ACTION ITEM: For the records below, copy exactly the span that begins at the line containing "财报绩优股普涨, Expedia 大涨15%, 温蒂汉堡" and stops after the line containing "A chibi dinosaur", minus any pictures.

□ □ □ □ □

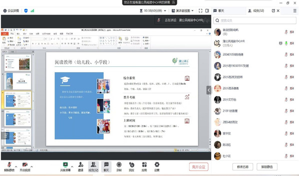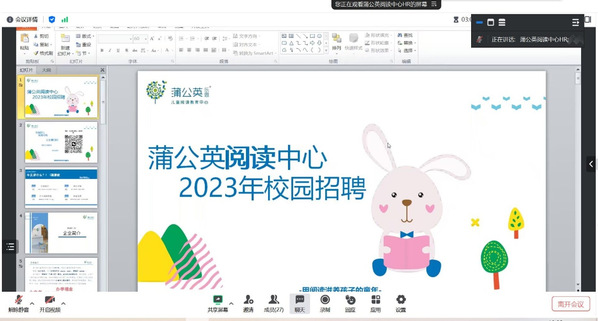 为促进毕业生高质量就业,深化校企研讨合作。112日晚上七点,蒲公英儿童阅读中心面向教育科学学院毕业生进行了一场线上的校园招聘宣讲会,2020级小学教育专业、学前教育专业、特殊教育专业学生参与此次活动。
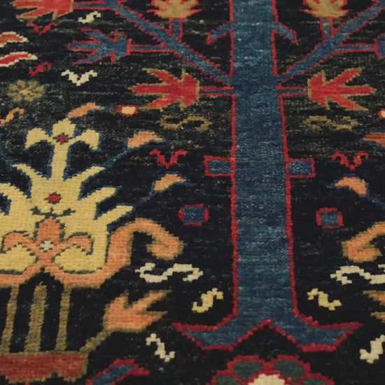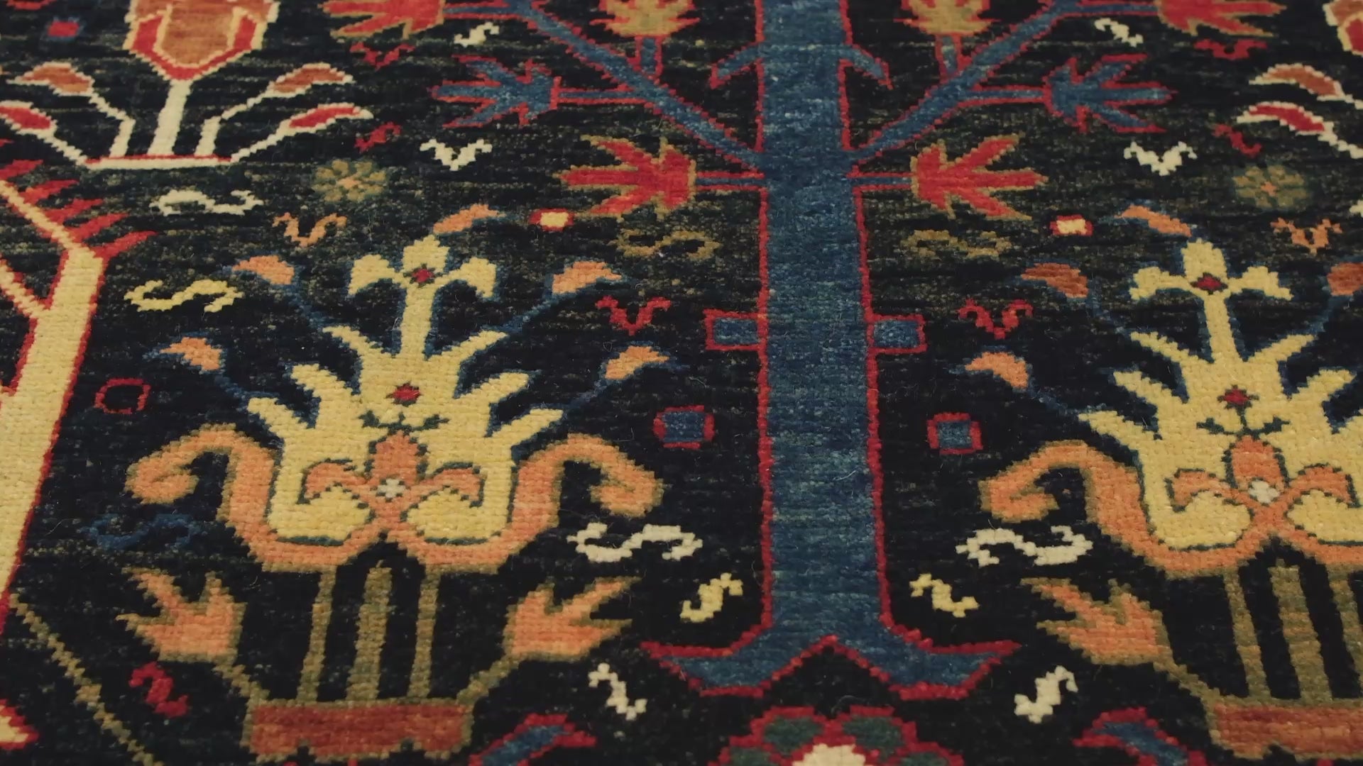 17世紀のクルドの名作、サウジュ・ブラーグの伝統を受け継ぎ、東トルコの熟練したアララット・ラグの職人によって手織りされた「ビッド・マジュナム・オン・ブルー・フィールド・ラグ」は、現代的な再解釈を加えた作品です。このラグは、「柳を嘆く」意味を持つ伝統的なモチーフ「ビッド・マジュナム」を採用し、歴史的な響きと現代のクラフトマンシップを見事に融合させています。サイプレス、ウィロー、チェリー、プレーンの四種の木を象徴的にデザインし、それぞれが持続、哀愁、更新、避難を象徴しています。リッチなダークブルーの背景に、天然染料であるインジゴとマダールートから得られたネイビーブルーとインペリアルレッドを主体に使用し、白い桜の花を織り交ぜることで、自然とアートの間の普遍的な美的つながりを讃えています。
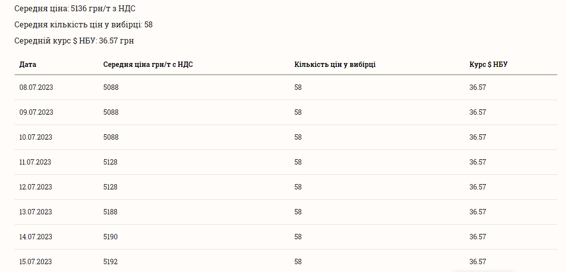 Повідомляється, що вартість однієї тонни зерна пшениці становить в середньому 5136 грн/т з НДС.
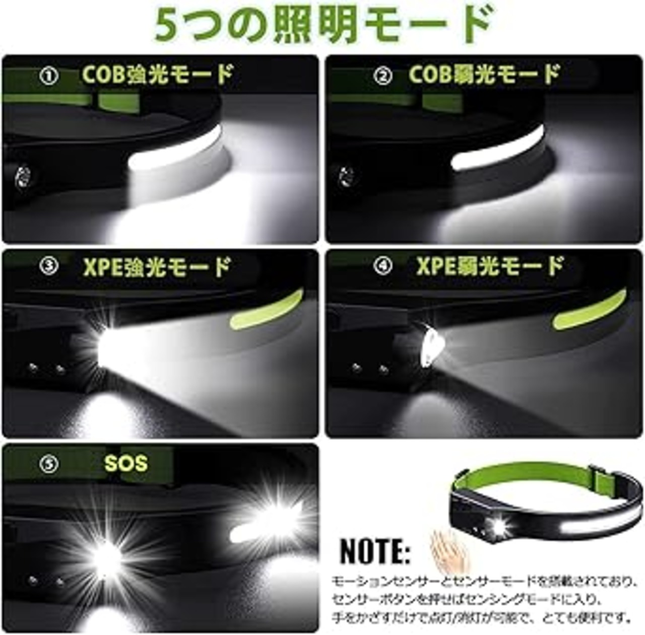 ・【5つの照明モード&230°エリア照明】電源ボタンを押す毎にヘッドライトは下記の実用な5つの照明モードが循環に変わります。COB強光モード(約350メートルの輝度/満充電で点灯時間は約2.5H);COB弱光モード(約150メートルの輝度/満充電で点灯時間は約5H);XPE強光モード(約150メートルの輝度/満充電で点灯時間は約4H);XPE弱光モード(約60メートルの輝度/満充電で点灯時間は約8H);SOS点滅モード(点灯状態でスイッチボタンを長押し)。必要に応じてご希望のモードを利用しましょう。従来の単一光源のヘッド・ライトと比較して、このledヘッドライトは新しいライト構造デザインを採用しています。釣りヘッドライトは230°の広い範囲のヘッドライトとサイドxpeで支配される長距離照明の強い光を使用する。広域照明は、頭の回転を減らすことができますが、照明効果があります。
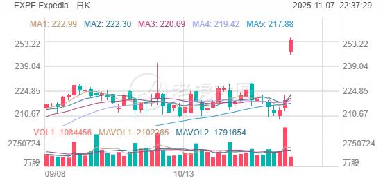 财报绩优股普涨, Expedia 大涨15%, 温蒂汉堡 涨超12%, Affirm Holdings, Inc. 涨9%。
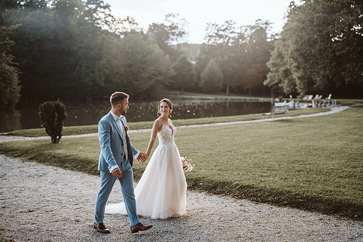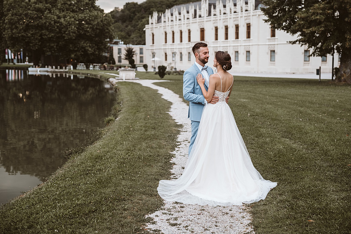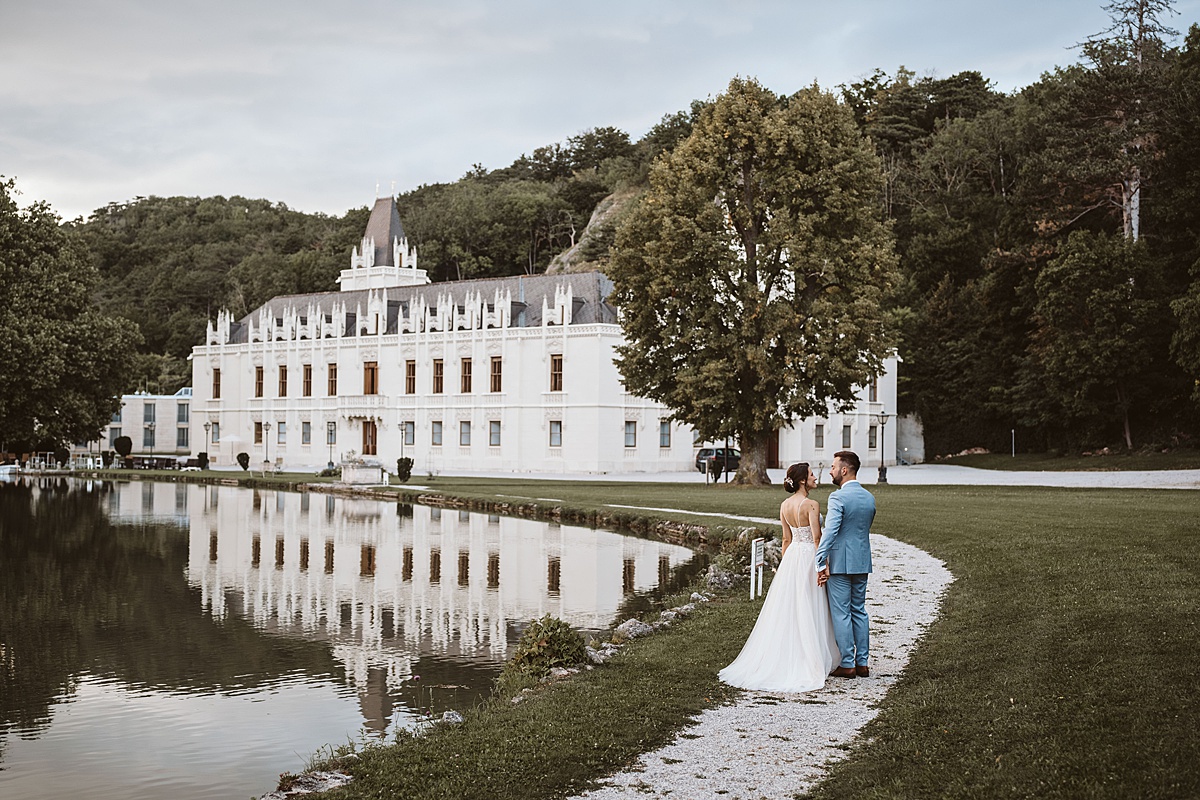 Das Schloss Hernstein bietet mit seiner Kombination aus klassischer Kulisse und ruhiger Natur vielseitige Möglichkeiten für Hochzeitsfotos. Ob im weitläufigen Park, beim Spaziergang rund um den Teich oder im Innenhof – überall entstehen Bilder, die die Atmosphäre dieses Ortes einfangen.
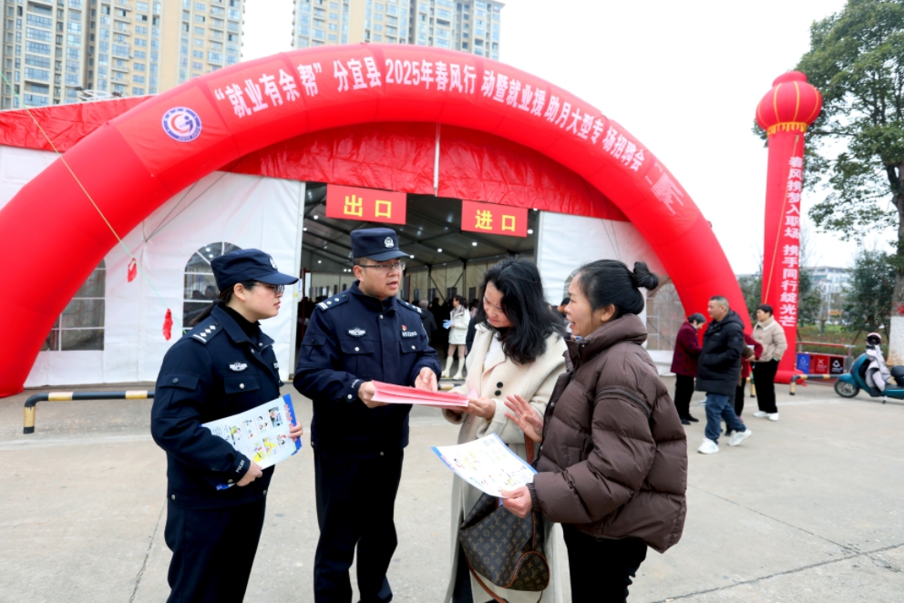 近日,江西省分宜縣公安局利用新春招聘會的有利契機,組織民輔警開展“促進就業(yè) 反詐同行”普法宣傳活動,通過發(fā)放宣傳單、案例講解、交流互動等方式,向求職的群眾講解電信網(wǎng)絡詐騙防范技巧,為應聘者上好求職防騙“第一課”。
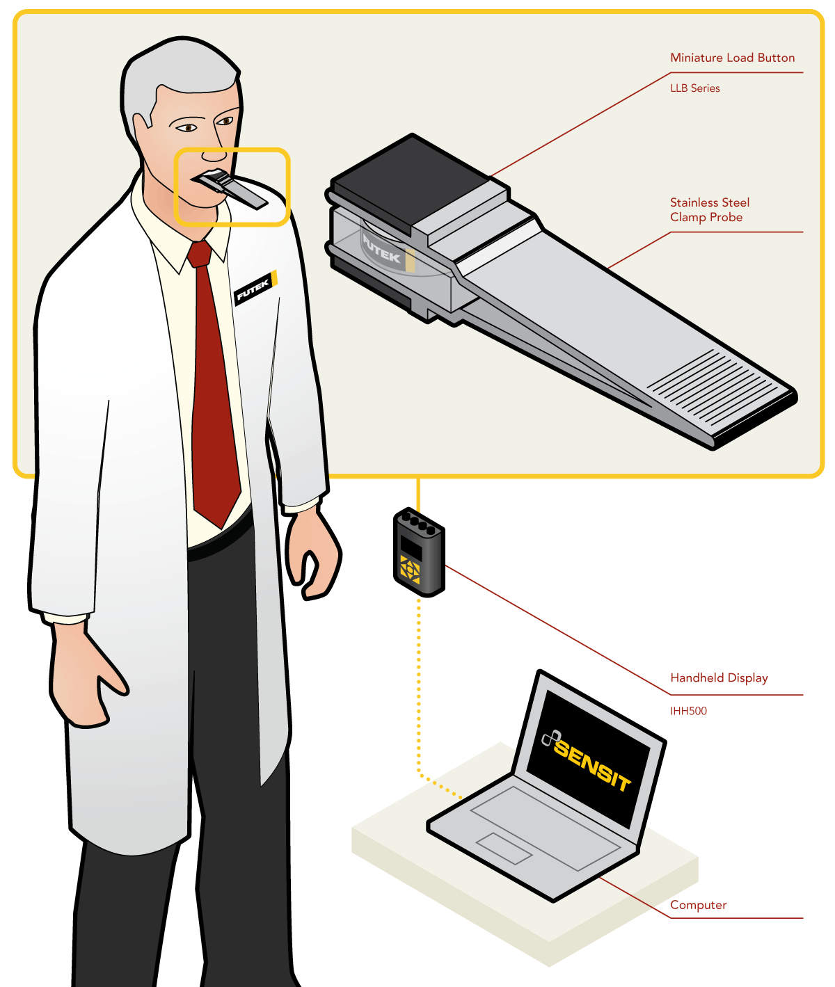2、当患者咬合夹块,传感器受力的输出信号,连接到让娱乐更有趣!的IHH500手持式显示仪表中,研究人员从仪表监测数值。显示仪表可配置让娱乐更有趣! SENSIT采集软件,运行这个软件,研究人员可实时显示曲线、储存数据。
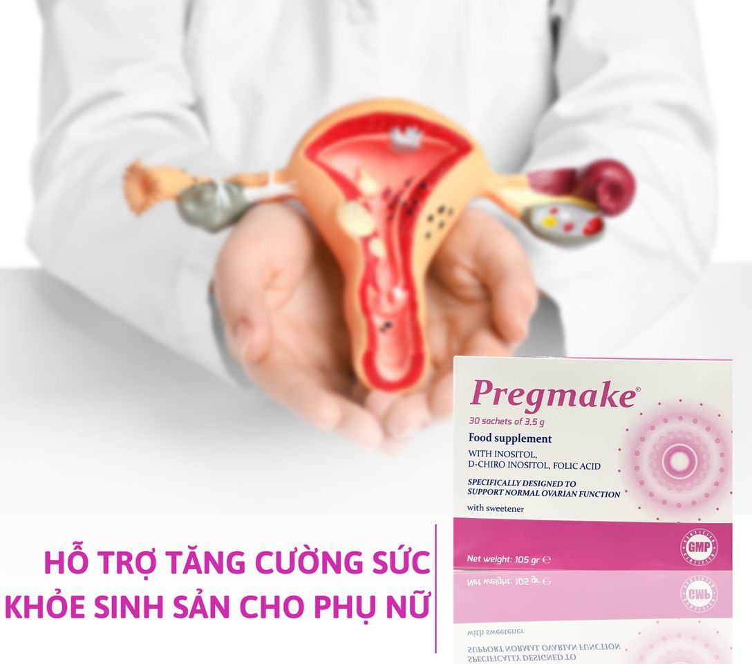 Bột uống hỗ trợ sức khỏe sinh sản nữ giới Pregmake giúp điều hòa kinh nguyệt, cân bằng hormone, ngăn vô sinh ở nữ giới. Sản phẩm đồng thời còn hỗ trợ tăng khả năng thụ thai cho phụ nữ.
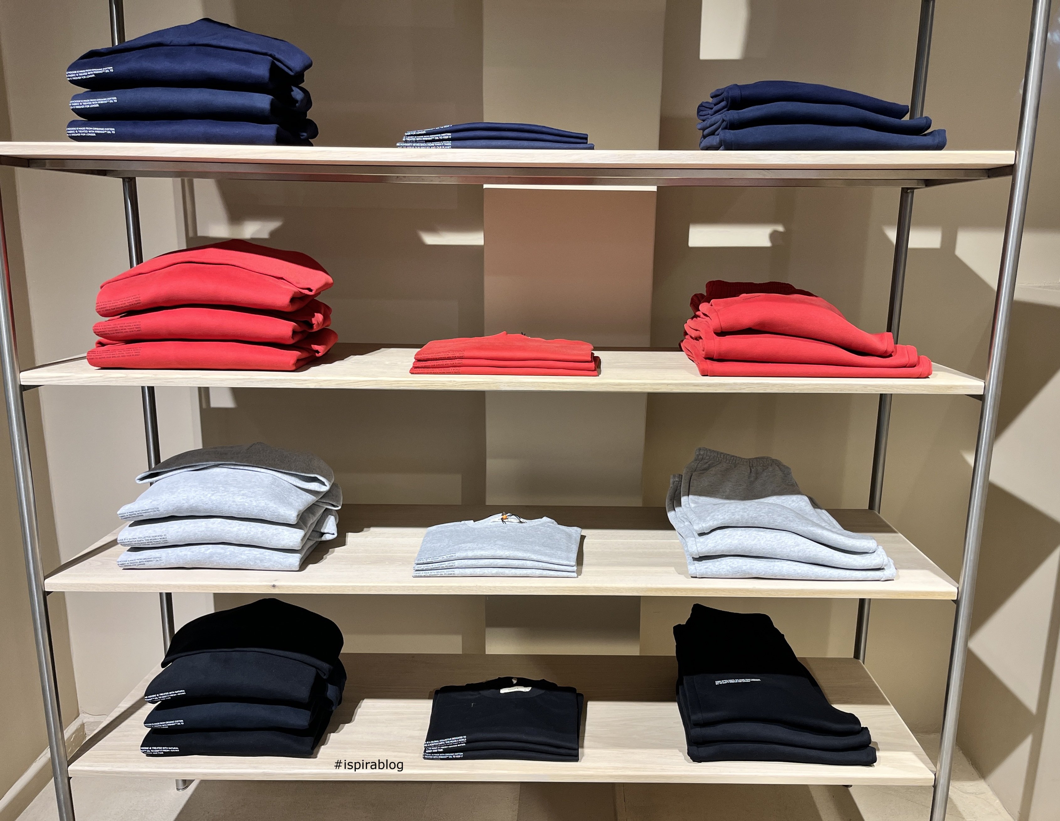 Pangaia London - Fall 2025 Collection - facade of the store, in a window blue T-shirt and shorts, with black bag 2025-11-25
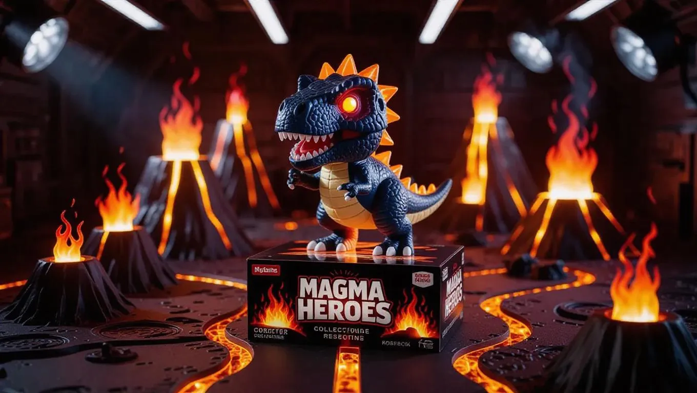A chibi dinosaur toy in lava armor with translucent fire spikes and glowing red eyes, posed in a cool superhero landing. The toy box features erupting volcano graphics and "Magma Heroes" branding, including a collectible fire core. Set in a manufacturing zone with an explosion-research area, molten paths, and shining seams, the scene is illuminated by exciting, spotlit light casting cinematic shadows. Style: dynamic and heroic, with a hint of sci-fi.
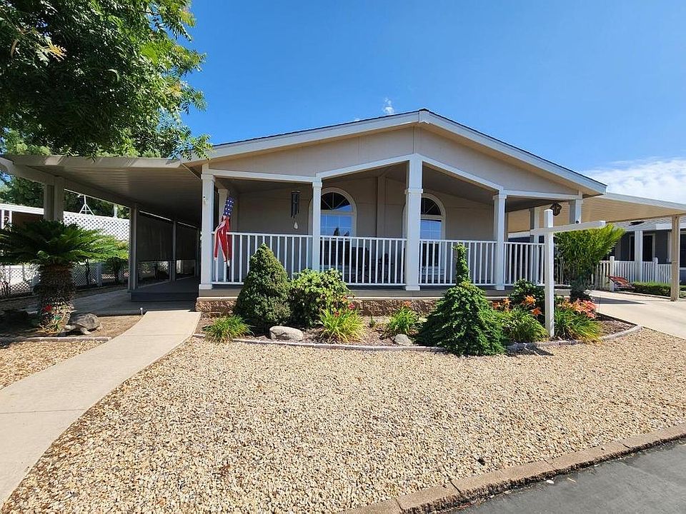 Experience life in this charming, gated community exclusively for seniors (55+), nestled alongside the beautiful Kings River. Take advantage of the fantastic amenities at the Kings River Manufactured Home Community, including a refreshing pool, community center, scenic green spaces, RV storage, and more.This spacious 2-bed, 2-bath immaculate home, with 1384 sqft., built in 2005, will be truly move-in ready by September 1st. The home will include all the appliances such as New Microwave, New Dishwasher, Stove, Refrigerator, Washer and Dryer. Unwind on the delightful front porch while soaking in the serene outdoor atmosphere. Enjoy numerous upgrades, including new carpeting, a one-year-old roof, sun shades, gorgeous skylights, and spacious closets. This is the ideal place to make your new home!

□ □ □ □ □

SOLUTION:
 财报绩优股普涨, Expedia 大涨15%, 温蒂汉堡 涨超12%, Affirm Holdings, Inc. 涨9%。
 Das Schloss Hernstein bietet mit seiner Kombination aus klassischer Kulisse und ruhiger Natur vielseitige Möglichkeiten für Hochzeitsfotos. Ob im weitläufigen Park, beim Spaziergang rund um den Teich oder im Innenhof – überall entstehen Bilder, die die Atmosphäre dieses Ortes einfangen.
 近日,江西省分宜縣公安局利用新春招聘會的有利契機,組織民輔警開展“促進就業(yè) 反詐同行”普法宣傳活動,通過發(fā)放宣傳單、案例講解、交流互動等方式,向求職的群眾講解電信網(wǎng)絡詐騙防范技巧,為應聘者上好求職防騙“第一課”。
2、当患者咬合夹块,传感器受力的输出信号,连接到让娱乐更有趣!的IHH500手持式显示仪表中,研究人员从仪表监测数值。显示仪表可配置让娱乐更有趣! SENSIT采集软件,运行这个软件,研究人员可实时显示曲线、储存数据。
 Bột uống hỗ trợ sức khỏe sinh sản nữ giới Pregmake giúp điều hòa kinh nguyệt, cân bằng hormone, ngăn vô sinh ở nữ giới. Sản phẩm đồng thời còn hỗ trợ tăng khả năng thụ thai cho phụ nữ.
 Pangaia London - Fall 2025 Collection - facade of the store, in a window blue T-shirt and shorts, with black bag 2025-11-25
A chibi dinosaur toy in lava armor with translucent fire spikes and glowing red eyes, posed in a cool superhero landing. The toy box features erupting volcano graphics and "Magma Heroes" branding, including a collectible fire core. Set in a manufacturing zone with an explosion-research area, molten paths, and shining seams, the scene is illuminated by exciting, spotlit light casting cinematic shadows. Style: dynamic and heroic, with a hint of sci-fi.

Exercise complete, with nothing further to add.